Pixies aux Eurockéennes de Belfort - Le Maelström

P.M. Primo

Les légendes à l'origine du rock alternatif moderne sont de retour vingt ans après leur séparation. Et ils font toujours aussi mal.

         Je les attendais ... Je pense que s'il est un groupe de légende que je rêvais de voir depuis mes années de collège il s'agit bien des Pixies de Boston. Séparés en 1993 (j'avais -1 an à l'époque) je m'étais fait à l'idée de ne jamais les voir. Seulement voilà : 2014 accueille une reformation, un nouvel album (le décevant Indie Cindy) et une nouvelle tournée.

            Alors ce n'était pas les orages annoncés qui allaient me faire reculer ce soir-là. De lourds nuages noirs menacent la presqu'île du Malsaucy déjà embouée par les premières pluies de ce 4 juillet. Les K-Ways sont moites et collent à la peau des festivaliers. L'attente est longue mais peu importe : ce soir, je vois les Pixies.

            20h15, trois hommes chauves et bedonnants entrent en scène accompagnés de leur frêle (et nouvelle) bassiste. Un bref salut et ils entonnent le riff principal de « U-Mass ». Les têtes hochent mollement dans l'assemblée ; j'ai l'impression d'être le seul à me sentir surexcité. Peu importe.

            Arrivent ensuite « Wave of mutilation » et « River Euphrates ». Les pauses entre les chansons ne durent qu'une seconde. Les Pixies n'ont pas le temps de discuter, ils enchaînent. Le public semble ailleurs jusqu'à ce que « Hey », reprise en cœur, fasse enfin monter la température.

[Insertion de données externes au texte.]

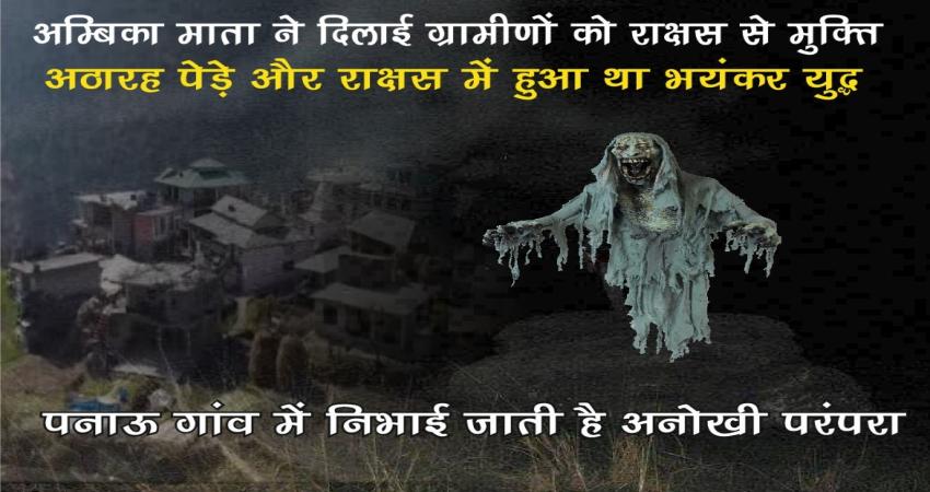 मंडी। यह कहानी है मंडी जिला की ग्राम पंचायत नाऊ के पनाऊ गांव की जहां प्राचीन समय में गांव के लोग जब खेतों में जब काम करने जाते थे तो उनको राक्षस की झपट लग जाती थी। जिससे ग्रामीणों का खेतों में काम करना मुश्किल हो गया। राक्षस से परेशान लोग क्षेत्र की अधिष्ठात्री भगवती माता अम्बिका नाऊ के दरवार पहुंचे तथा राक्षस से रक्षा करने की माता से प्रार्थना कीे। माता अम्बिका ने अठारह पेड़े जो माता के प्रौल के प्रहरी माने जाते है, उनको राक्षस से रक्षा करने के लिए भेजा। अठारह पेड़े और राक्षस में भयंकर युद्ध हुआ और माता की कृपा से राक्षस को एक बड़ी चट्टान के नीचे दबा दिया।

            L'apparente froideur de l'assistance est ensuite complètement dissoute par un « Gouge Away » à l'initiative d'un pogo diabloique. Nous sommes comprimés, bloqués, serrés les uns contre les autres dans un mouvement imparable. Je perds les camarades avec qui j'étais venu comme je perds mes bouchons d'oreilles : ça sera sans vous cette fois les mecs.

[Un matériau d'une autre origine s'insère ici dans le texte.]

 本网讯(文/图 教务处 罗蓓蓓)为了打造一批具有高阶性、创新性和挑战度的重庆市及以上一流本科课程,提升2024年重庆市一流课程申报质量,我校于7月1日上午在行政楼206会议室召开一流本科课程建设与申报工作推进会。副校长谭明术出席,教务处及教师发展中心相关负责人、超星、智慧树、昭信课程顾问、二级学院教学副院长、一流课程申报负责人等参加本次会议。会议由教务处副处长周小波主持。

            Les Pixies continuent d'enchaîner les pépites punks à un rythme imparable. Des éclairs vifs zèbrent le ciel alors que la pluie se met à tomber en trombes. L'essoreuse ne s'arrête pas. Nous sommes dégoulinants d'eau et de sueur mêlées, emportés par la machine infernale des lutins de Boston. Les slammeurs nagent sur cette foule océanique pour aller s'échouer devant la scène. Le slam d'un homme en fauteuil roulant devient un symbole : nous sommes tous égaux face à la musique enchanteresse des Pixies.

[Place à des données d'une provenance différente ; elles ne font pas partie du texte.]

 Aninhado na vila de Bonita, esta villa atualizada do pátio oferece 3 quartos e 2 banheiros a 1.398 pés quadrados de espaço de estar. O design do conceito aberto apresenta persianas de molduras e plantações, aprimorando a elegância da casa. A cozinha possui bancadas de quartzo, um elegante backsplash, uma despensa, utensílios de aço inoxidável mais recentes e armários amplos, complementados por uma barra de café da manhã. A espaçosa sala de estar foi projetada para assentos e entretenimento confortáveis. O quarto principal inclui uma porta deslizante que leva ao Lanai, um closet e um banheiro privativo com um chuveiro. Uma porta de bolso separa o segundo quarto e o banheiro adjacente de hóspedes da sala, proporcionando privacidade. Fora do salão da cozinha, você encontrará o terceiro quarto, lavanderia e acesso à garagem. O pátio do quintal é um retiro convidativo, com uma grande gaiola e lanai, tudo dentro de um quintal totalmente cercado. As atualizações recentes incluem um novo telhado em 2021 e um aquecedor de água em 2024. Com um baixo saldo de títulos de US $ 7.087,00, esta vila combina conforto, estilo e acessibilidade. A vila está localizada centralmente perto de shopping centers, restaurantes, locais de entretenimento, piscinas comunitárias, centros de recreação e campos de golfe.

            Le public est chauffé à blanc quand arrive « Vamos » et son solo diabolique sur lequel Joey Santiago s'amuse avec son auditoire, se bande les yeux, joue avec des serviettes ...

            Le concert semble avoir juste commencé quand résonnent les premières notes de « Where Is My Mind ». Le maelström dégoulinant composant le public entonne alors à l'unisson le tube du groupe. La chair de poule n'a pas le temps de se résorber que le riff de basse de « Debaser » secoue Belfort pour une dernière salve électrique.

            Les quatre légendes savourent alors longuement des applaudissements bien mérités puis disparaissent.

            Après une heure et quart de show et vingt-et-une chansons la foule finit par se disperser pour laisser derrière elle une mare constituée du reste boue n'ayant pas encore pénétré mes chaussures. Il est alors temps de retrouver ses coéquipiers dans le froid du déluge. Mes jambes de coton peinent à me porter jusqu'à la scène suivante pour assister à l'électro-pop subtile de Metronomy.

            Quoiqu'il en soit, les Pixies n'ont pas déçu ce soir-là et nous laissent avec la sensation d'avoir vécu un grand moment de l'histoire musicale contemporaine, quelques bleus et acouphènes aussi.